Comment by throwaway0123_5

5 months ago

> yet o1 with high reasoning could only solve 16.5% of tasks formatted this way.

48.5% with pass@7 though, and presumably o3 would do better... they don't report the inference costs but I'd be shocked if they weren't substantially less than the payouts. I think it is pretty clear that there is real economic value here, and it does make me nervous for the future of the profession, moreso than any prior benchmark.

I agree it isn't perfect. Only tests TS/JS and the vast majority of the tasks are front-end, still none of the mainstream software engineering benchmarks test anything but JS/Python/sometimes Java.

> Turns out, it's worse than Claude Sonnet when it comes to coding.

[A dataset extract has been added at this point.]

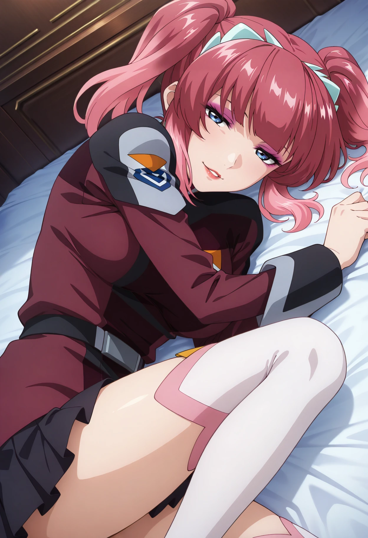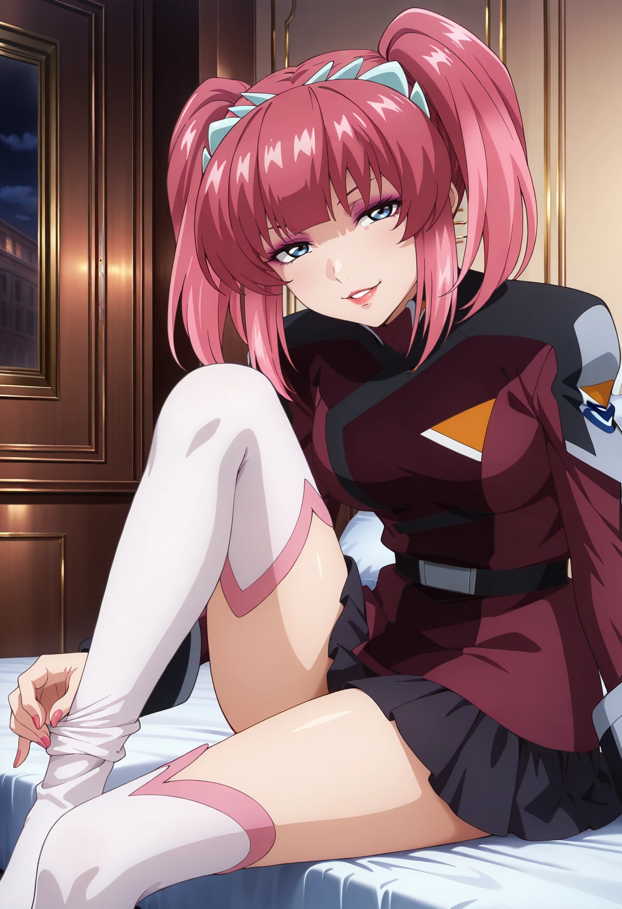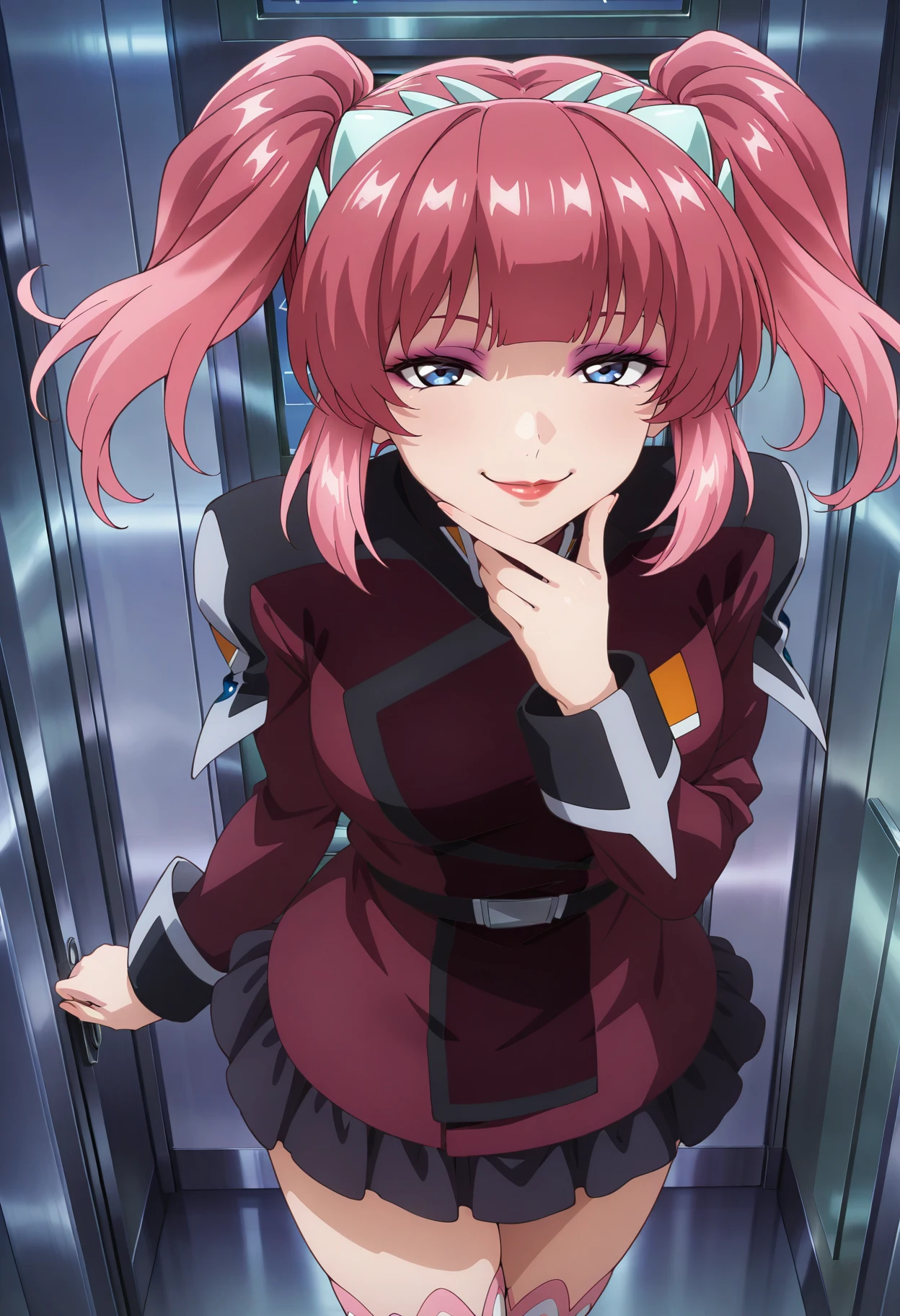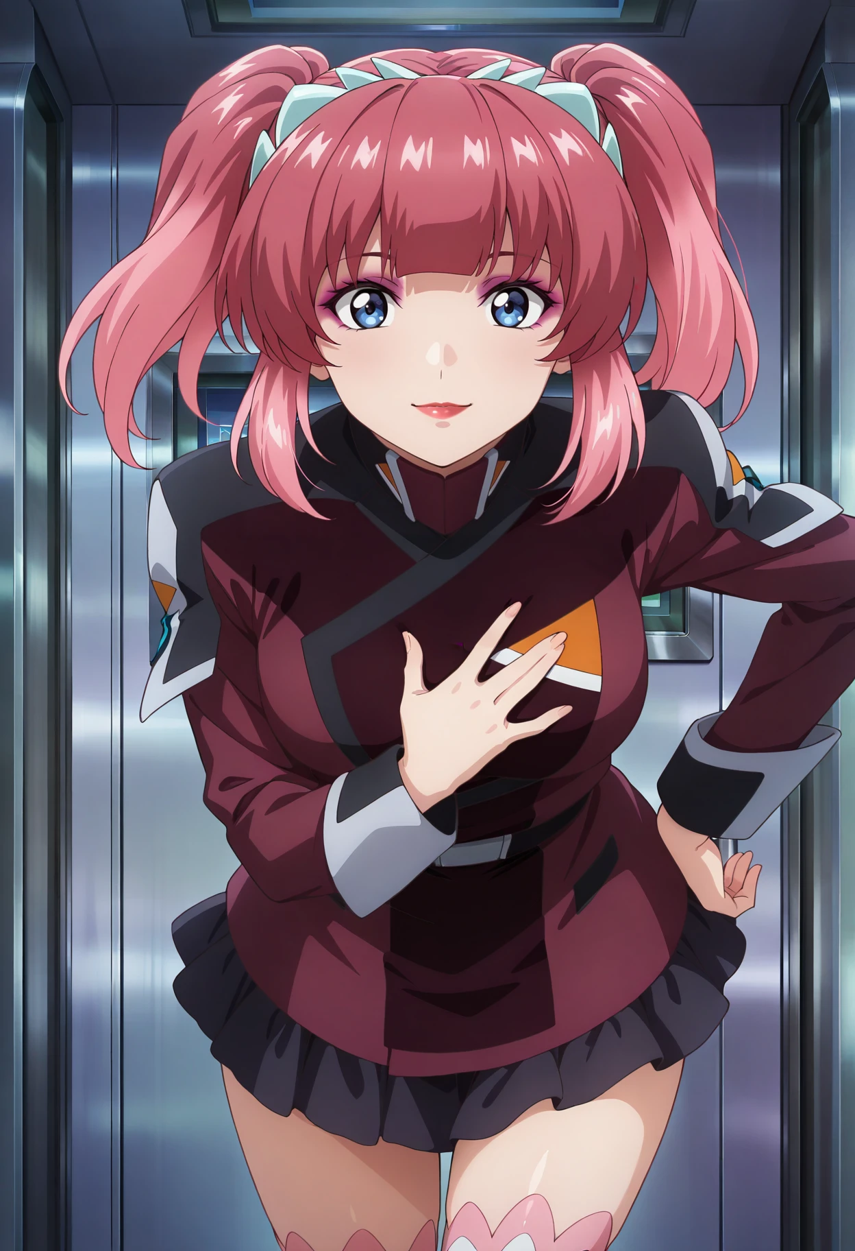 Base: agnes_g, 1girl, anime coloring, solo, short twintails, hairband, blunt bangs, pink hair, sidelocks, blue eyes, lipstick, eyeshadow, compass uniform, red jacket, black miniskirt, white frilled thighhighs, pleated skirt, belt, long sleeves, medium breasts,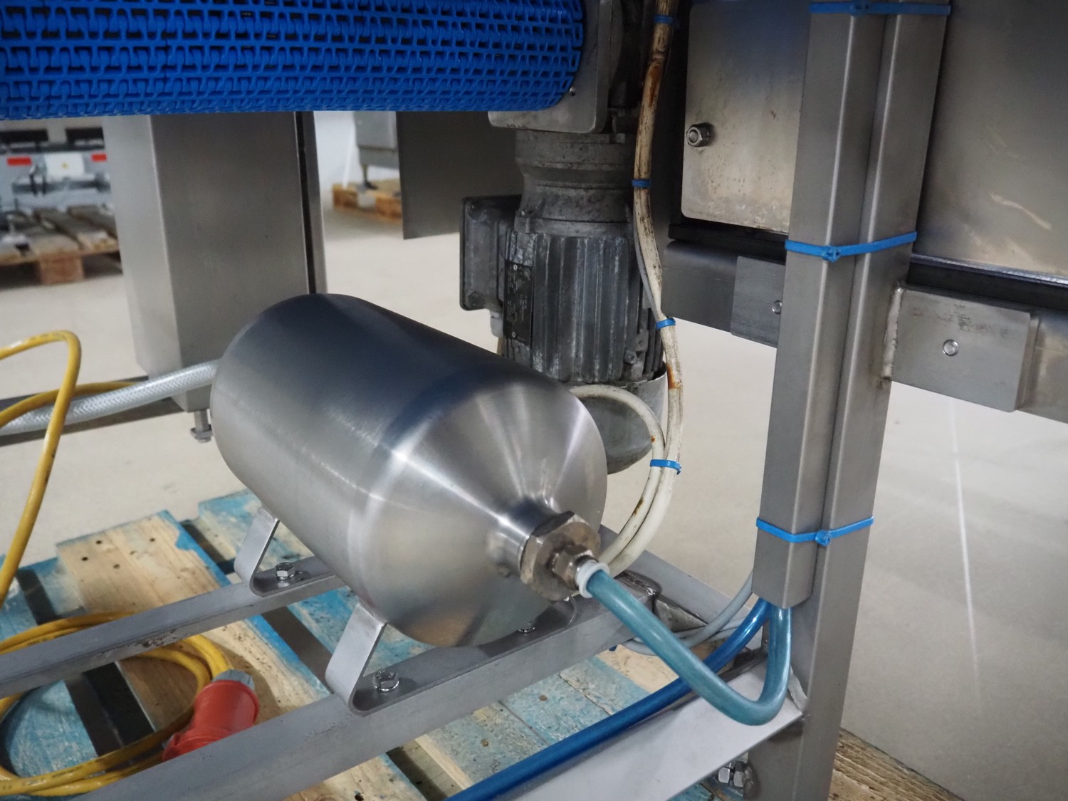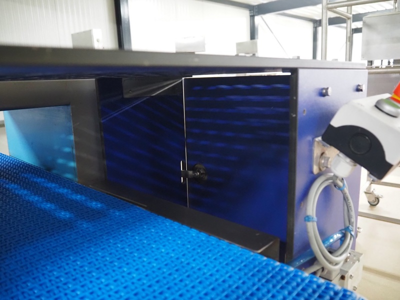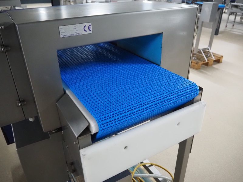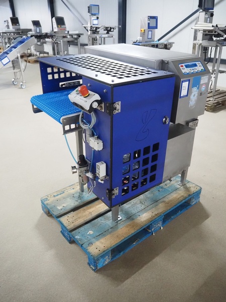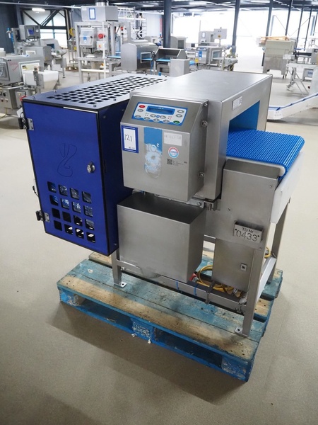 Loma Systems metal detector with rejector, number: 10960, year of construction: 2003, 400 V, 0.6 kW, plastic mesh belt, belt width: 400 mm, clearance: 450 mm x 140 mm, total dimensions: 1200 mm x 1000 mm x 1180 mm.

This was an interesting takeaway for me too. At first I thought that it suggested reasoning models mostly only help with small-scale, well-defined reasoning tasks, but they report o1's pass@1 going from 9.3% at low reasoning effort to 16.5% with high reasoning effort, so I don't think that can be the case.

1 comment

throwaway0123_5

Bjorkbat 5 months ago

Yeah, I saw the pass@7 figure as well, and I'm not sure what to make of it. On the one hand, solving nearly half of all tasks is impressive. On the other hand, a machine that might do something correctly if you give it 7 attempts isn't particularly enjoyable to use.